Breaking changes:

Added --accept_licenses flag. User have to turn this flag on to acknowledge that PKB may install software thereby accepting license agreements on the user's behalf.
Renamed Database-related flags from managed_db* to db* Added alias for backwards compatibility, might not be supported in the future release.
Require Python 3.9+
The core_os os_type was removed from the Azure provider as the image was deleted,
- It will be replaced by Fedora Core OS if a public image is made available.
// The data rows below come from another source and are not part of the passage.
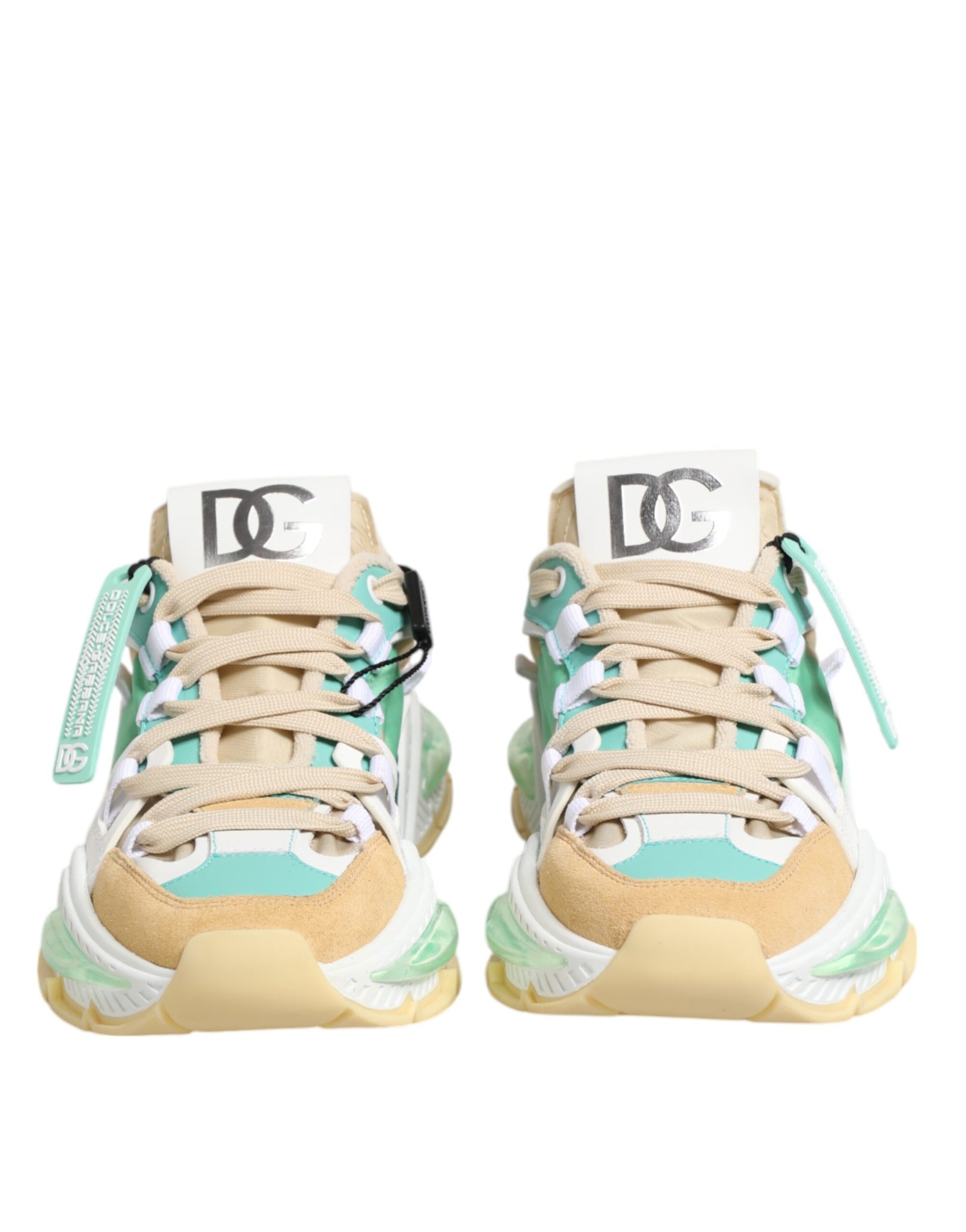 Gorgeous brand new with tags, 100% Authentic Dolce & Gabbana Mixed-material Airmaster sneakers: Nylon upper with rubber and calfskin details Calfskin heel cup with DG logo Flat laces Branded tongue Super-flex rubber bottom assembly with logo Branded rubber sole featuring a dynamic blend of grey, black, and pink tones. These sneakers fuse fashion and function, offering bold streetwear appeal with luxury craftsmanship.
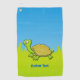 Cartoon Illustration einer glücklichen Schildkröte auf Gras und Himmelshintergrund. Benutzerdefinierter Text
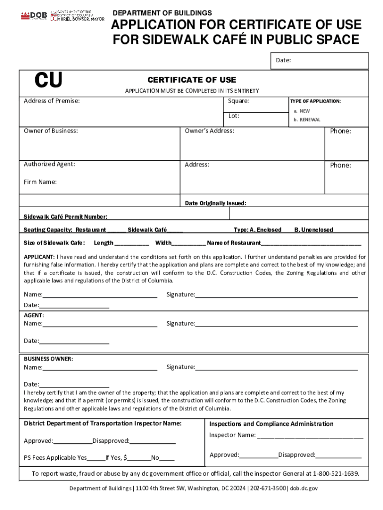 Get, Create, Make and Sign dob-application-for-certificate-of-use-for-sidewalk-cafe-in
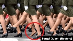 Але на парадзе здарылася нечаканасьць, якую зафіксаваў фотакарэспандэнт агенцтва Reuters — перад трыбунай з кіраўніцтвам краіны адна дзяўчына шпацыравала басанож. Адна туфля, хутчэй за ўсё, саскочыла з нагі, як у казцы пра Папялушку, але дзяўчына ішла далей без абутку. Калі прыгледзецца да здымку, відаць, што над пяткай і яшчэ ў двух месцах на назе ў дзяўчыны налеплены плястыр.
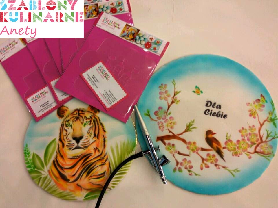 Przy użyciu szablonu możesz wykonać dekorację z lukru królewskiego, cukru pudru, kakao, czy też barwników spożywczych (np. w spray'u). Idealnie sprawdzi się aerograf.
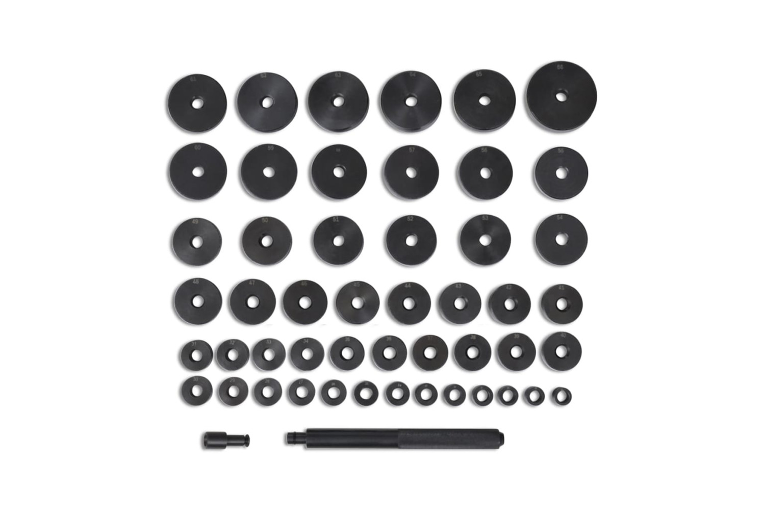 This master set allows you to build your own custom bushing driver, really a must have for garage and DIYs. It has every size you will ever need for most vehicles. No need to take the trouble to find a socket that close to the size of your bearings any more. With this kit at hand, you will just need to select the required sizes and then assemble your drivel tool, thus to get the job done promptly, efficiently and professionally.

The dpb_sparksql_benchmark now requires passing the requested queries with --dpb_sparksql_query_order
AwsVirtualMachine.IMAGE_OWNER has been changed from a string to a list of strings to support images which have multiple owners e.g. AmazonLinux2 in opt-in regions.
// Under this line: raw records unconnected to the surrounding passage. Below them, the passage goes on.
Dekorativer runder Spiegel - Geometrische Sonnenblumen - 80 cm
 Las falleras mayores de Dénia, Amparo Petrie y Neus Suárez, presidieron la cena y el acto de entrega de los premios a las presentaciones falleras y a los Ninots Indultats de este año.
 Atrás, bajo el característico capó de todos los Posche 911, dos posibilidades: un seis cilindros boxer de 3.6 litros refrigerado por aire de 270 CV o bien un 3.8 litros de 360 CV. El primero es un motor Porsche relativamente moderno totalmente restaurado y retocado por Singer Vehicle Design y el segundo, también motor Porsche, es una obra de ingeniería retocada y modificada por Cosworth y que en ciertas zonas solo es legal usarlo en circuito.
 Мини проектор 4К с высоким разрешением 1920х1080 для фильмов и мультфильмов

Remove Ubuntu1710 from --os_types.
Remove Amazon Linux 1 from --os_types.
Changed redis_memtier_benchmark to use redis version 6 and above. Redis versions less than 6 are no longer supported.
Compressed redis_memtier samples from --memtier_time_series into a few time-to-value dictionaries, greatly reducing the number of samples produced
Make Ubuntu 18 the default os_type.
Deprecate Ubuntu 16 as it is EOL on 2021-05-01.
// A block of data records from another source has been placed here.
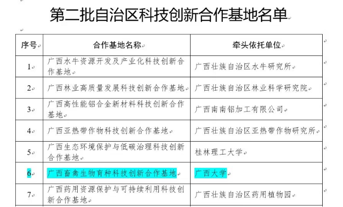 近日,广西壮族自治区科学技术厅公布了第二批自治区科技创新合作基地,我院陆阳清经理牵头组建的“广西畜禽生物育种科技创新合作基地”通过认定,标志着williamhill在自治区级科研平台建设上迈上新的台阶。
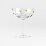 Etched gold stars shimmer and shine on this hand-blown classic coupe glass. The gracefully rounded bowl and tapered stem make the coupe a perfect serving vessel for champagne or holiday cocktails. Perfect for winter-themed gatherings or a sparkling New Year's Eve celebration, this glass adds a touch of seasonal elegance whenever you use it.
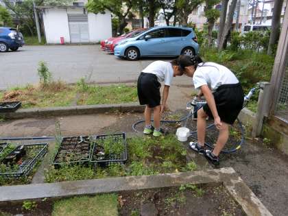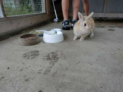 4年生がうさぎの世話をしていました。床をブラシでごしごしとていねいに掃除をして、とてもきれいにしてくれました。チョコもうれしそうにしていました。
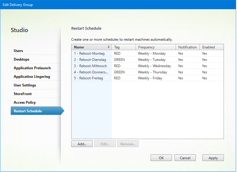 Citrix Virtual Apps and Desktops - Neustartzeitpläne einrichten (Multiple Restart Schedule)
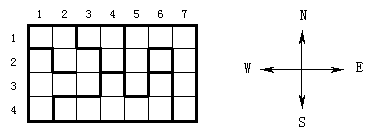 室内的墙被定义两次: 例如方块(1,1)中的南墙也被位于其南面的方块(2,1)定义了一次。
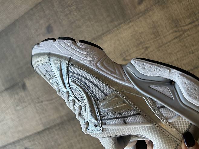 레트로 러닝화에서 영감을 받은 TPU 힐 케이지와 연골 포드 구조가 뒤꿈치를 잘 잡아줘 오래 걸어도 흔들림이 적었어요.
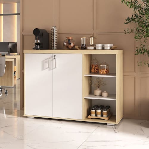 O tampo amplo acomoda cafeteira, cápsulas e utensílios com praticidade, enquanto o armário com portas mantém tudo organizado e discreto. Os nichos laterais abertos valorizam a decoração e facilitam o acesso a copos, xícaras e itens de uso diário.
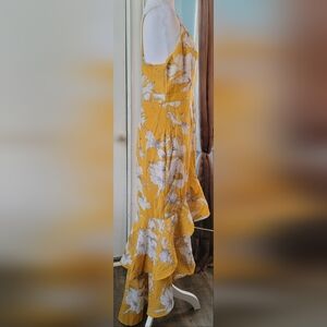 Lulus Darling Daylily Maxi Dress Womens M Mustard Floral High-Low Ruffled NWT
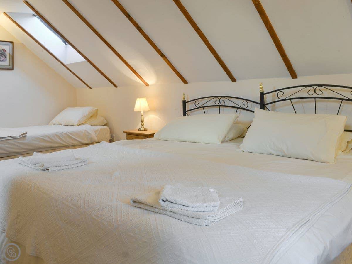 Speke's Retreat is two old barns that we converted side by side near Milford. They're in a quiet spot at the end of a lane, next to fields. You get both barns and the garden to yourselves.

Switch to Azure CLI to MSAL. This requires updating the CLI to >= 2.30.0.
- See https://docs.microsoft.com/en-us/cli/azure/msal-based-azure-cli
Remove deprecated --eks_zones flags. Use --zones instead.
Deprecate CentOS Linux 8 as it is EOL on 2021-12-31.
--zones and --extra_zones deprecated in favor of --zone.
Deprecate Aerospike_YCSB benchmark.
Remove pkb's --placement_group_style cloud-agnostic values 'cluster'/ 'cluster_if_supported'/'spread'/'spread_if_supported'.
Replace flag --ibm_azone with --ibm_region.
Changed the default benchmark to cluster_boot instead of the standard set. This makes the default behavior for PKB much faster and the standard set of benchmarks was defined many years ago. It's not a reasonable introduction to PKB or something that most people should run by default.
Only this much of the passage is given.